▸ **WORK TASK**
Once the line holding "祝寿会在欢快、祥和的气氛中拉" is found in the entries below, transcribe exactly every line up to and including the one holding "Late-night work on", but leave out the pictures.
STUDY MATERIAL: Begin
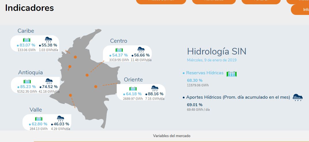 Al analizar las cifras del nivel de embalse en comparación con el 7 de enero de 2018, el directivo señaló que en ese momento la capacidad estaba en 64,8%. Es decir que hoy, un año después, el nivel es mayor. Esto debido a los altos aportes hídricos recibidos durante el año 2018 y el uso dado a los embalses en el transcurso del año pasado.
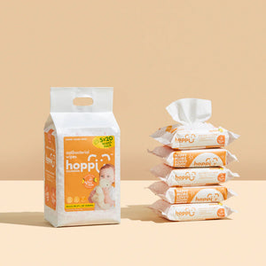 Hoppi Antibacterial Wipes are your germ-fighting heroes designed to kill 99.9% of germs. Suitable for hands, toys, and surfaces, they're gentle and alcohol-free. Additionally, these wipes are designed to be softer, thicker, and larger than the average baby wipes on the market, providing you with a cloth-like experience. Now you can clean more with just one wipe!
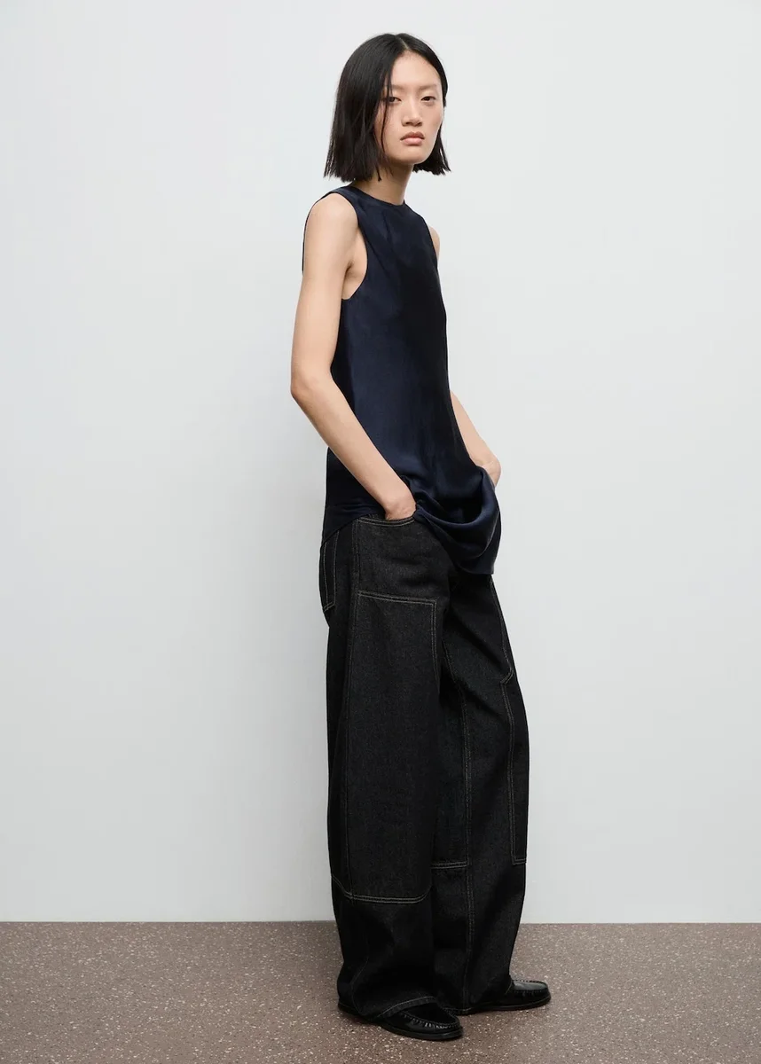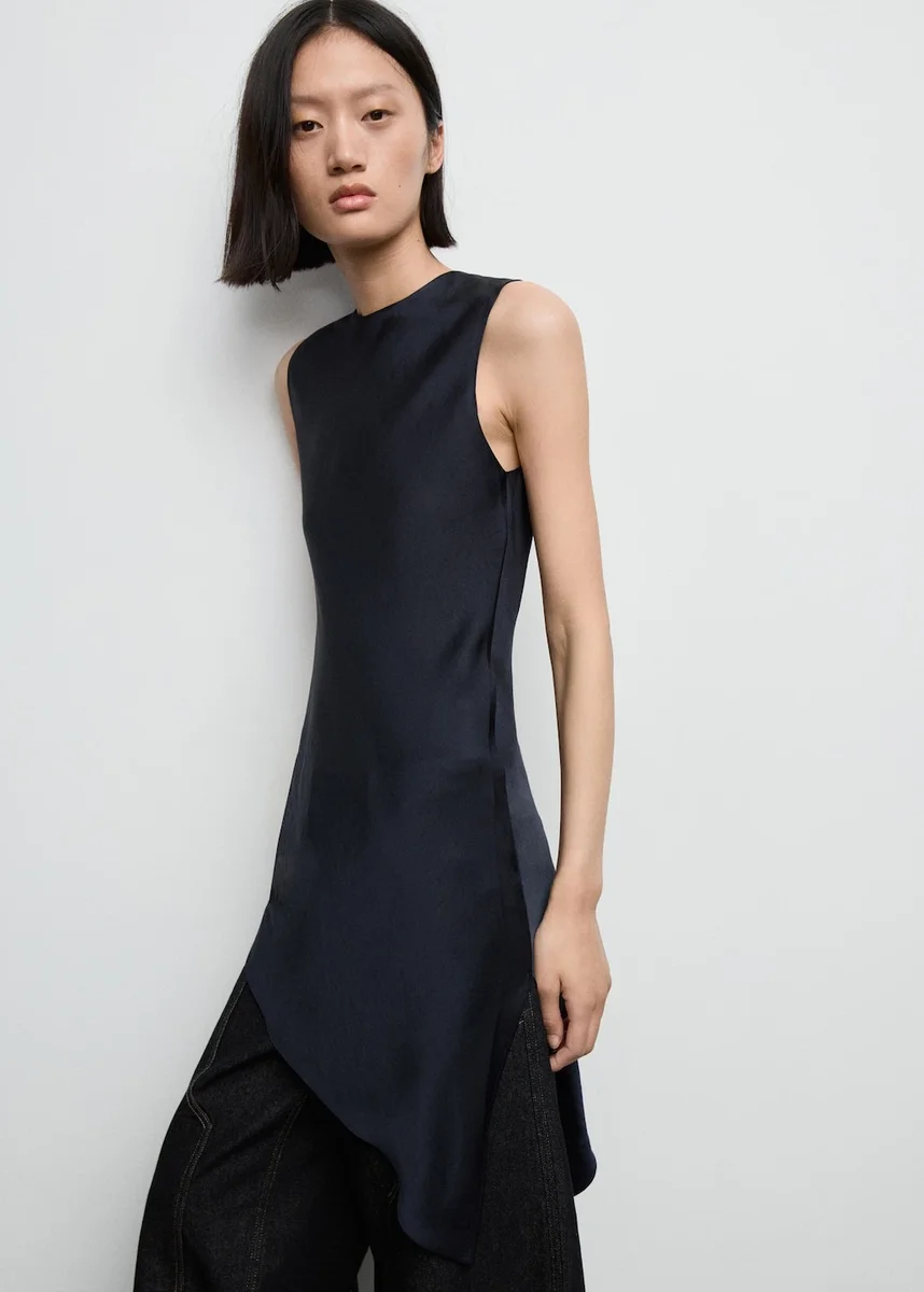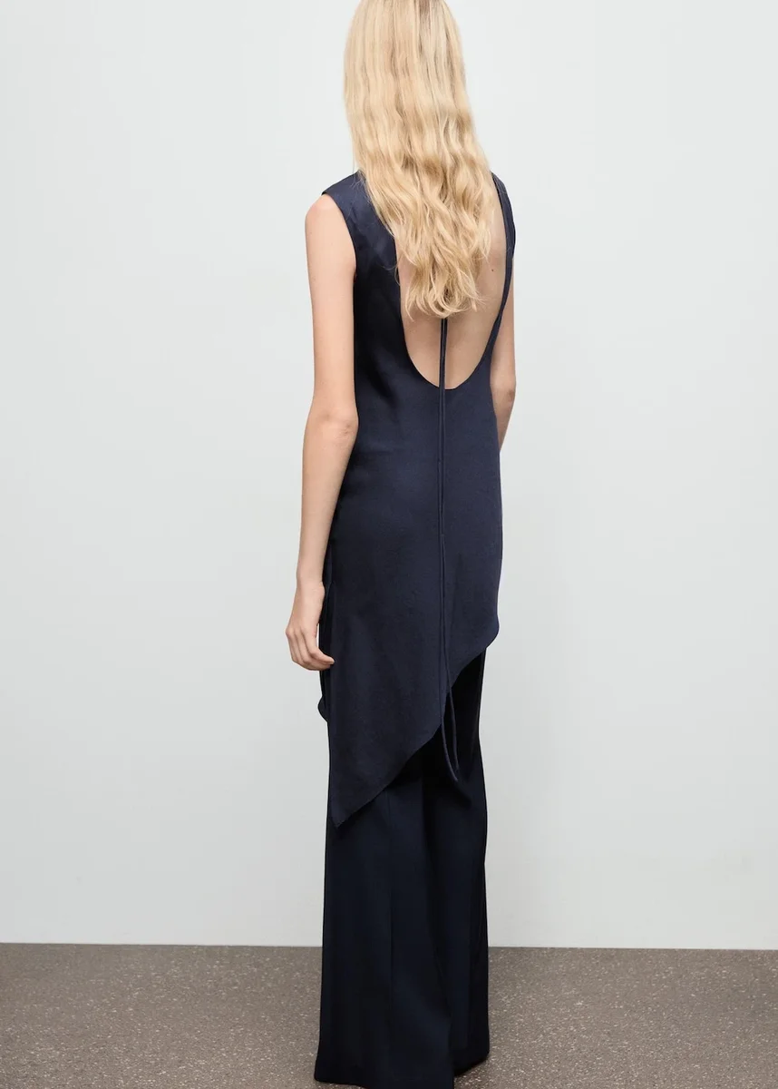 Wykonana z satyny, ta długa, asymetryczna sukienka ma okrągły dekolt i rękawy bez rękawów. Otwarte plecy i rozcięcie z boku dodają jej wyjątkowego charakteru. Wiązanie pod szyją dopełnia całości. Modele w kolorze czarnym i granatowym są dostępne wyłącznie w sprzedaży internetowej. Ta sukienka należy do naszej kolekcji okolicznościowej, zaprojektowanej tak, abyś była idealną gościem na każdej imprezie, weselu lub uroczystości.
STUDY MATERIAL: End
STUDY MATERIAL: Begin
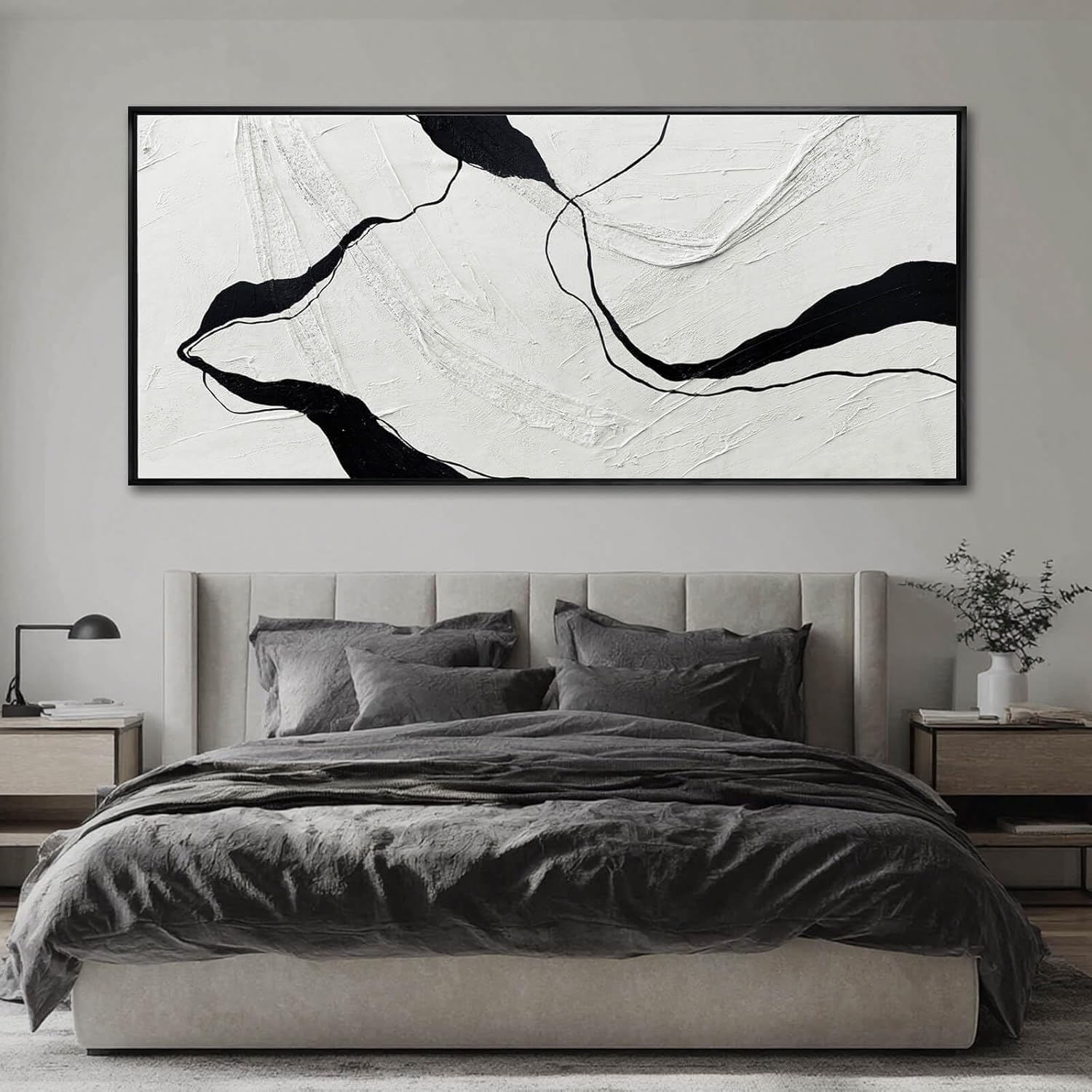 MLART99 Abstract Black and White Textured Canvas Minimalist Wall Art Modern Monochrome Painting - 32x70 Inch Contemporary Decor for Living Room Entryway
STUDY MATERIAL: End
STUDY MATERIAL: Begin
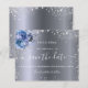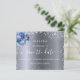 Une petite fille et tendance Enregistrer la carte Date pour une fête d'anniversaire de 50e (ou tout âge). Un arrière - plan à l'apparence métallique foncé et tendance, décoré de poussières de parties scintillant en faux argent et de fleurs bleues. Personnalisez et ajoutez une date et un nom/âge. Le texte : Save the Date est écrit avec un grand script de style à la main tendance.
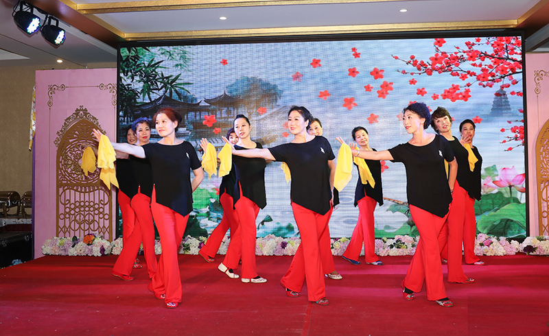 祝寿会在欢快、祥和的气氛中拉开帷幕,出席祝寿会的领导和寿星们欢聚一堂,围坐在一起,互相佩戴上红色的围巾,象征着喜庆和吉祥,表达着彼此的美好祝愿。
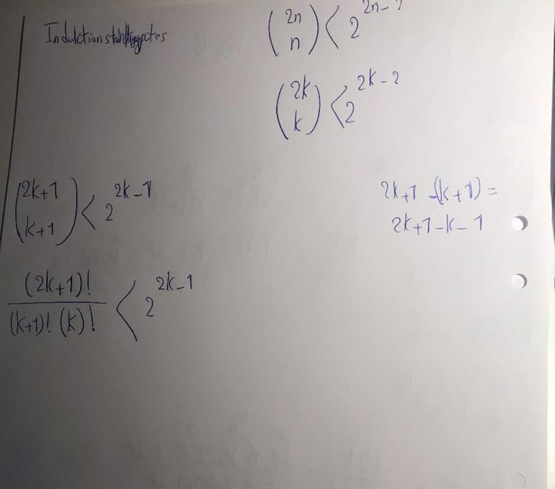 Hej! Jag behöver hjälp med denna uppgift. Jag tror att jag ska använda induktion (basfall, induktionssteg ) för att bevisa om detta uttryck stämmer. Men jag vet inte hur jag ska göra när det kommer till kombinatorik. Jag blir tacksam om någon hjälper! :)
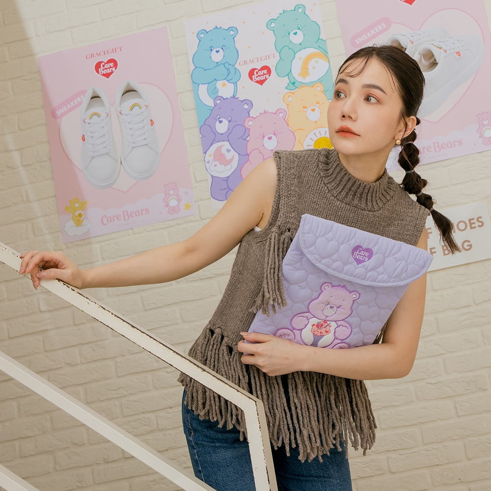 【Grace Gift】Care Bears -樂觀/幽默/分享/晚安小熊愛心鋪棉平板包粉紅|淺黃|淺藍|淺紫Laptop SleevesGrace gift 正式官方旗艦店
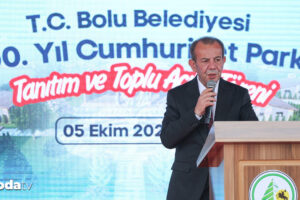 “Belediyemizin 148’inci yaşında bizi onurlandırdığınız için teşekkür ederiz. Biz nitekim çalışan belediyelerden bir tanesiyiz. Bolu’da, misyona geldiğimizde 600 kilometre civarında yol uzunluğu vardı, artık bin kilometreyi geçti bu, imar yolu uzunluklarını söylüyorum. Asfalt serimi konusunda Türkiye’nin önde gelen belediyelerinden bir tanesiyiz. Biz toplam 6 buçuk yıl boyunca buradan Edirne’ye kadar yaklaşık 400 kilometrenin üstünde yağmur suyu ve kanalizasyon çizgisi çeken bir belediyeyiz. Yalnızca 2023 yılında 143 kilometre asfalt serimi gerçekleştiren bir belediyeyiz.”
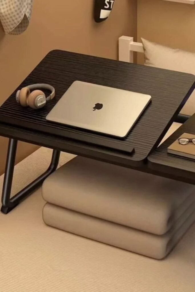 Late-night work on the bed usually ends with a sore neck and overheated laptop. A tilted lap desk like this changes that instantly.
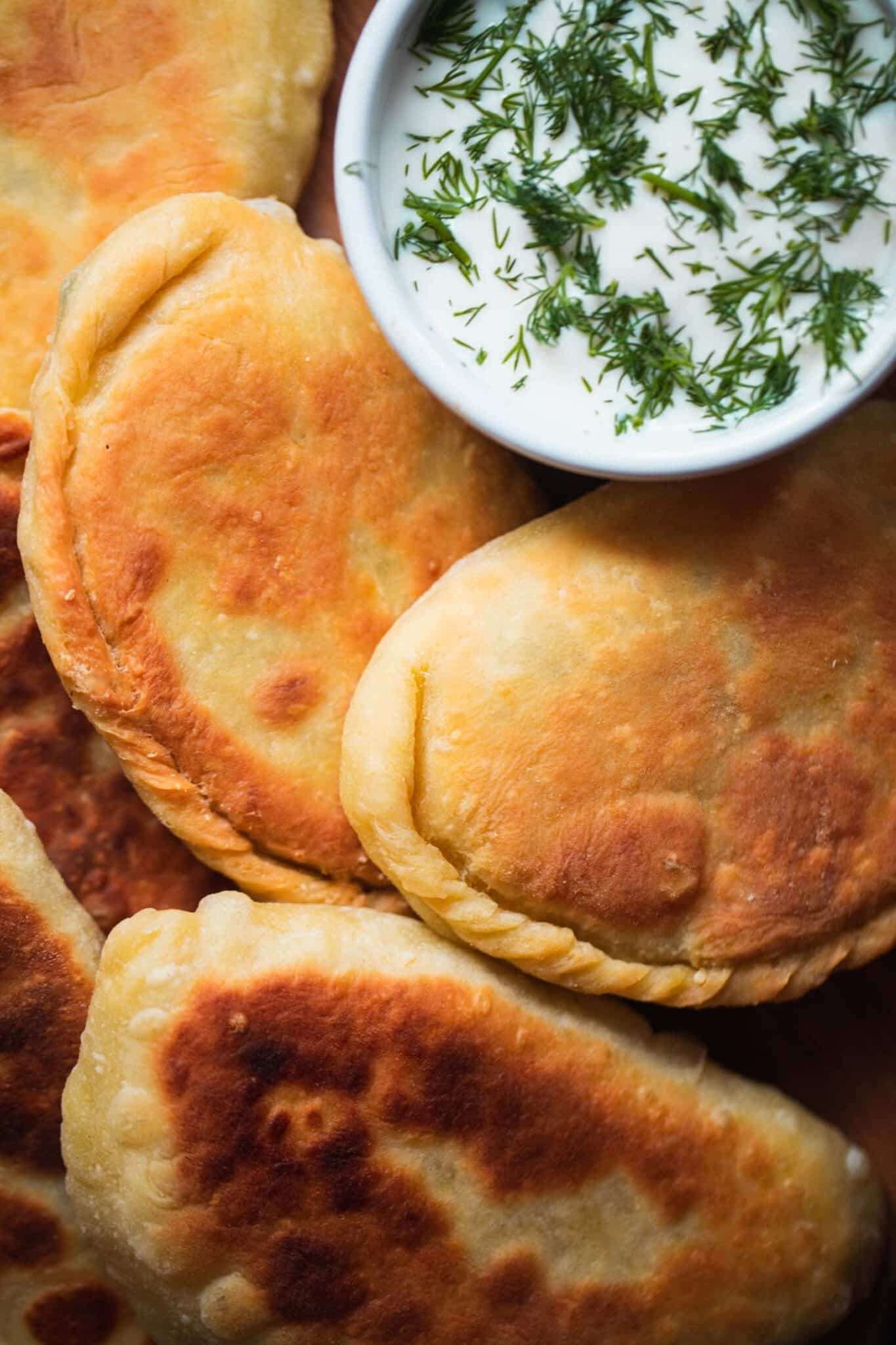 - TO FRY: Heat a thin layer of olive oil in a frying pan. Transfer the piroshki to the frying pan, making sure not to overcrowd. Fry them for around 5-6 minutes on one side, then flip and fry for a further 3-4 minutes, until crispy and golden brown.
STUDY MATERIAL: End
▸ **PROBLEM SOLUTION**
 祝寿会在欢快、祥和的气氛中拉开帷幕,出席祝寿会的领导和寿星们欢聚一堂,围坐在一起,互相佩戴上红色的围巾,象征着喜庆和吉祥,表达着彼此的美好祝愿。
 Hej! Jag behöver hjälp med denna uppgift. Jag tror att jag ska använda induktion (basfall, induktionssteg ) för att bevisa om detta uttryck stämmer. Men jag vet inte hur jag ska göra när det kommer till kombinatorik. Jag blir tacksam om någon hjälper! :)
 【Grace Gift】Care Bears -樂觀/幽默/分享/晚安小熊愛心鋪棉平板包粉紅|淺黃|淺藍|淺紫Laptop SleevesGrace gift 正式官方旗艦店
 “Belediyemizin 148’inci yaşında bizi onurlandırdığınız için teşekkür ederiz. Biz nitekim çalışan belediyelerden bir tanesiyiz. Bolu’da, misyona geldiğimizde 600 kilometre civarında yol uzunluğu vardı, artık bin kilometreyi geçti bu, imar yolu uzunluklarını söylüyorum. Asfalt serimi konusunda Türkiye’nin önde gelen belediyelerinden bir tanesiyiz. Biz toplam 6 buçuk yıl boyunca buradan Edirne’ye kadar yaklaşık 400 kilometrenin üstünde yağmur suyu ve kanalizasyon çizgisi çeken bir belediyeyiz. Yalnızca 2023 yılında 143 kilometre asfalt serimi gerçekleştiren bir belediyeyiz.”
 Late-night work on the bed usually ends with a sore neck and overheated laptop. A tilted lap desk like this changes that instantly.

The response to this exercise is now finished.